Tag Archives: Xscale

WMMX is buggy in Visual Studio 2008

I implemented an object recognition algorithm for Windows Mobile 6 using Visual Studio 2008. When it worked somehow I thought about improving its performance to process more images per second. One aspect of my implementation is to compute two byte vector’s sum of squared differences (some million times per second of course). My device is an ASUS P535 with an Xscale processor so I opt for using Wireless MMX. Since in-line assembler is not supported for ARM processors I used the according MMX intrinsics.
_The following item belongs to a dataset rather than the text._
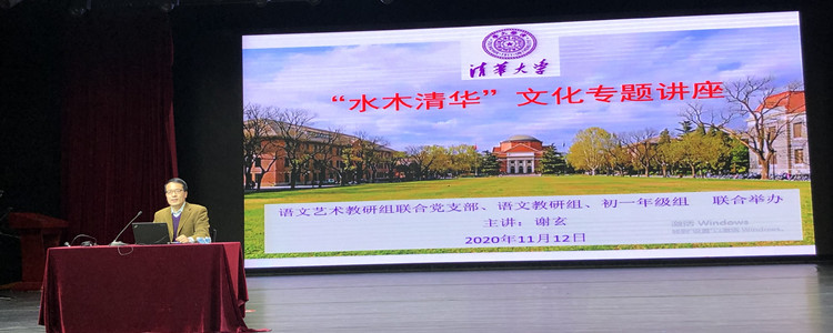 2020年11月12日下午,皇冠体育初20级在报告厅开展了一场“水木清华”文化专题讲座。本讲座由语文艺术教研组联合党支部、语文教研组与初一年级组联合举办,主讲人为高中语文教师谢玄老师。
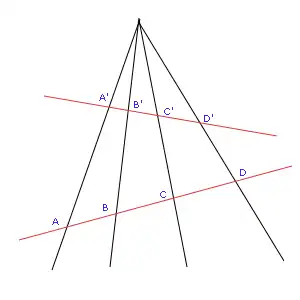 - A razão anarmônica é preservada por transformações projetivas. No caso, as razões anarmônicas são iguais: (A; B; C; D) = (A'; B'; C'; D')

My inital attempt to compute the SSD of two 8 byte vectors looked as follows:


//Computes the sum of squared difference for eight values
int squared_distance(unsigned char *a, unsigned char *b) {
__m64 v1=*((__m64*)(a));
__m64 v2=*((__m64*)(b));
__m64 v3=_mm_subs_pi16(_mm_unpacklo_pi8(v2, zero), _mm_unpacklo_pi8(v1, zero));
result=_mm_mac_pi16(result,v3, v3);
__m64 v4=_mm_subs_pi16(_mm_unpackhi_pi8(v2, zero), _mm_unpackhi_pi8(v1, zero));
result=_mm_mac_pi16(result,v4, v4);
return result.m64_i32[0];
}

Of course the function must be adapted to fit the actual length of the vector to be useful. However, the function returned completely random results. It took me a while to puzzle out why my function is buggy. Actually the values loaded in v1 and v2 are already wrong. __m64 v1=*((__m64*)(a)); should load 8 bytes in v1 but loads only 4 bytes in the lower half of v1. The other 4 bytes seem to be random. I tested a bunch of other options to load values in a __m64 variable and all failed in the same way. Looking into the assembler code generated by the compiler reveals that instead of using the wldrd instruction (which actually loads 8 bytes) the compiler generates a wldrw instruction (which loads only 4 bytes). It might be a compiler bug and I assume that its related to the alignment of the arrays. Intel’s assembler reference manual says that in order to load 8 bytes in a WMMX the bytes must be aligned to 8 bytes. However, Microsoft’s documentation of the WMMX intrinsics tells us that if “data is not appropriately aligned, the program will throw an exception“. No exception for me and I also tried to align the data properly.